* _What the exercise asks_
Copy the data that appears below exactly. Drop the pictures.
---------- Information supplied ----------
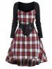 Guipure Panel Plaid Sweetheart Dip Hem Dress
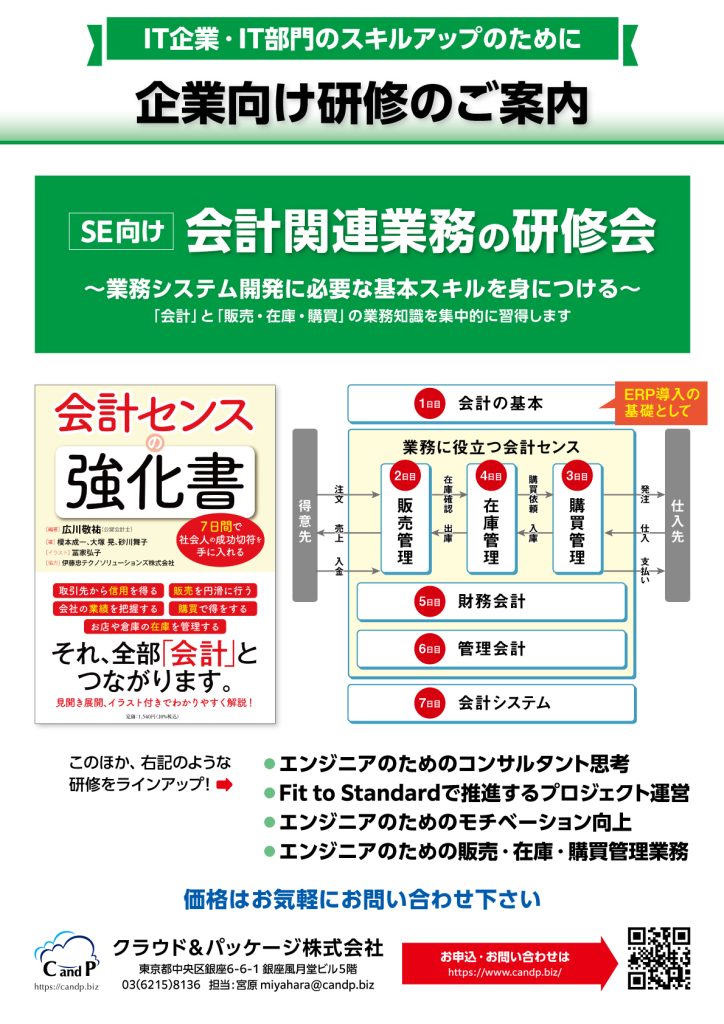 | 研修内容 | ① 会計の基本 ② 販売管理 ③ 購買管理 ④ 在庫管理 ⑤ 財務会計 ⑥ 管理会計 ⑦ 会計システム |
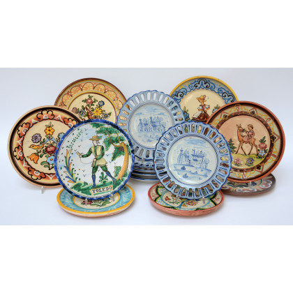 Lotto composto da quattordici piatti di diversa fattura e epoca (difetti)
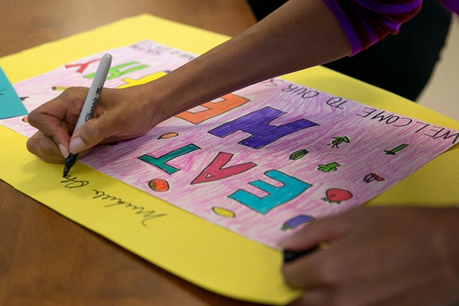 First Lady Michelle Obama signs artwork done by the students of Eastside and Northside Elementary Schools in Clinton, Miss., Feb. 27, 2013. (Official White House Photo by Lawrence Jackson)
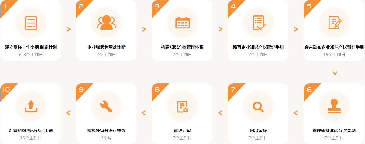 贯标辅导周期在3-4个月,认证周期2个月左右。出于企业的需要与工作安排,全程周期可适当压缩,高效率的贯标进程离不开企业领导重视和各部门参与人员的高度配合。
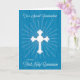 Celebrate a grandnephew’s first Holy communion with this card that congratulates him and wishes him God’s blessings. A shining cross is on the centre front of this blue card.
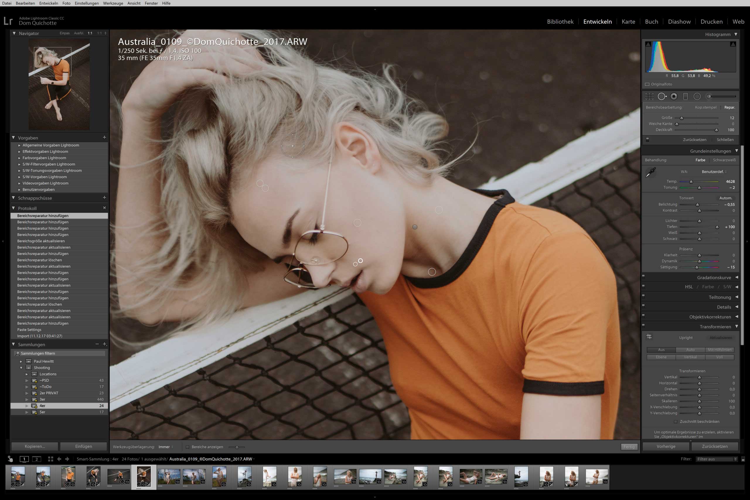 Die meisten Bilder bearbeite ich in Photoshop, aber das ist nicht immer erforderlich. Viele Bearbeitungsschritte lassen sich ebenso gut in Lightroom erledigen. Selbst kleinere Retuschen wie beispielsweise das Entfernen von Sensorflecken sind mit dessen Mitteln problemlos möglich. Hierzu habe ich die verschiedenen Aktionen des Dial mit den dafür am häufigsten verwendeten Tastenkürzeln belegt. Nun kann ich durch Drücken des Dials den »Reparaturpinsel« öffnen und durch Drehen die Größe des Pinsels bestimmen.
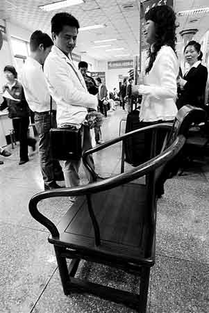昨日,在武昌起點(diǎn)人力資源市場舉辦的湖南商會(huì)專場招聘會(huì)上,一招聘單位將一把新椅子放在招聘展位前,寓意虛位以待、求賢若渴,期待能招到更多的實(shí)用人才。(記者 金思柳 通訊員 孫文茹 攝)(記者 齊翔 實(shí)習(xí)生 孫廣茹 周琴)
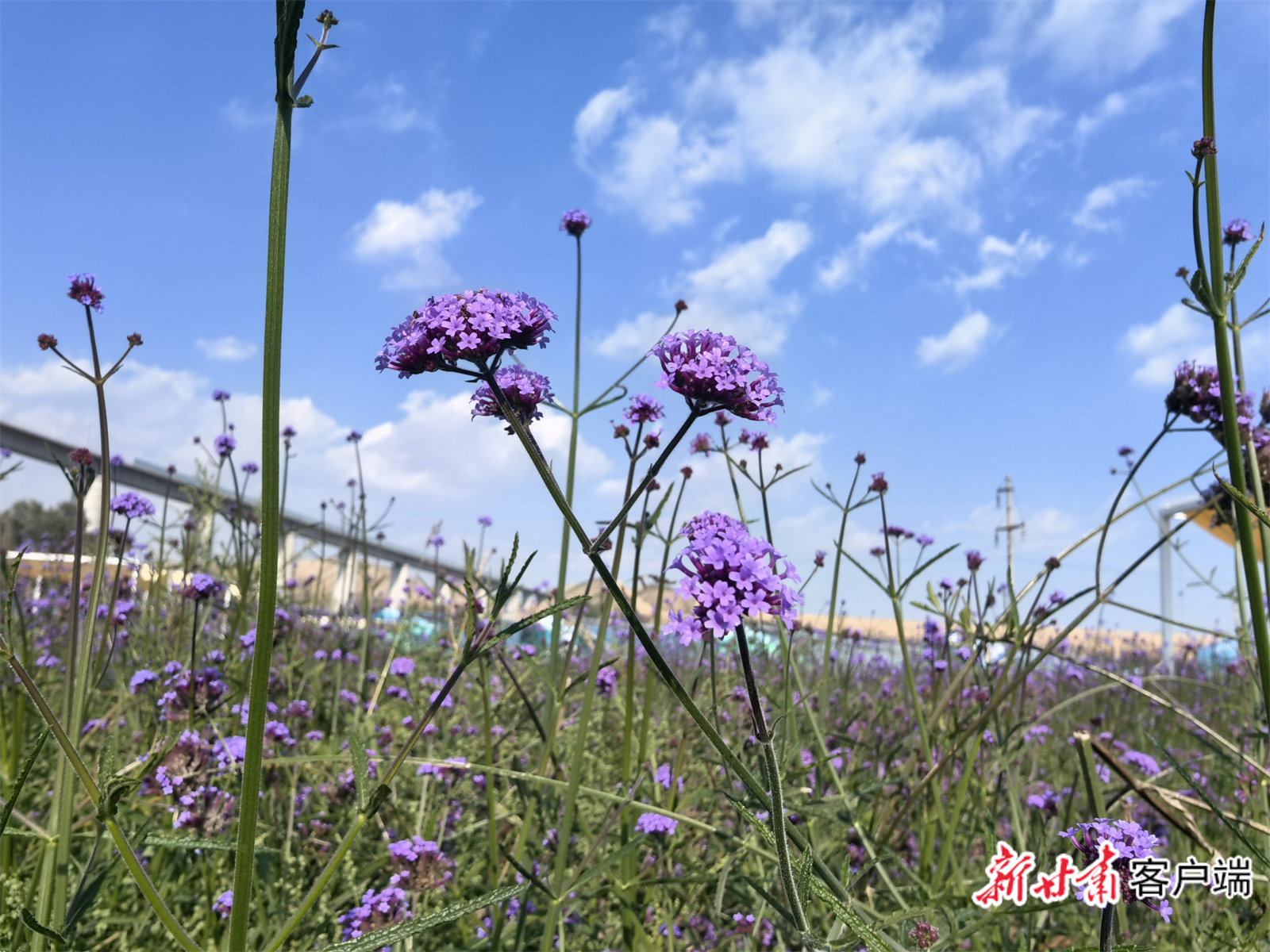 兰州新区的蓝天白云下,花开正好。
----------
* _Result_
 Guipure Panel Plaid Sweetheart Dip Hem Dress
 | 研修内容 | ① 会計の基本 ② 販売管理 ③ 購買管理 ④ 在庫管理 ⑤ 財務会計 ⑥ 管理会計 ⑦ 会計システム |
 Lotto composto da quattordici piatti di diversa fattura e epoca (difetti)
 First Lady Michelle Obama signs artwork done by the students of Eastside and Northside Elementary Schools in Clinton, Miss., Feb. 27, 2013. (Official White House Photo by Lawrence Jackson)
 贯标辅导周期在3-4个月,认证周期2个月左右。出于企业的需要与工作安排,全程周期可适当压缩,高效率的贯标进程离不开企业领导重视和各部门参与人员的高度配合。
 Celebrate a grandnephew’s first Holy communion with this card that congratulates him and wishes him God’s blessings. A shining cross is on the centre front of this blue card.
 Die meisten Bilder bearbeite ich in Photoshop, aber das ist nicht immer erforderlich. Viele Bearbeitungsschritte lassen sich ebenso gut in Lightroom erledigen. Selbst kleinere Retuschen wie beispielsweise das Entfernen von Sensorflecken sind mit dessen Mitteln problemlos möglich. Hierzu habe ich die verschiedenen Aktionen des Dial mit den dafür am häufigsten verwendeten Tastenkürzeln belegt. Nun kann ich durch Drücken des Dials den »Reparaturpinsel« öffnen und durch Drehen die Größe des Pinsels bestimmen.
昨日,在武昌起點(diǎn)人力資源市場舉辦的湖南商會(huì)專場招聘會(huì)上,一招聘單位將一把新椅子放在招聘展位前,寓意虛位以待、求賢若渴,期待能招到更多的實(shí)用人才。(記者 金思柳 通訊員 孫文茹 攝)(記者 齊翔 實(shí)習(xí)生 孫廣茹 周琴)
 兰州新区的蓝天白云下,花开正好。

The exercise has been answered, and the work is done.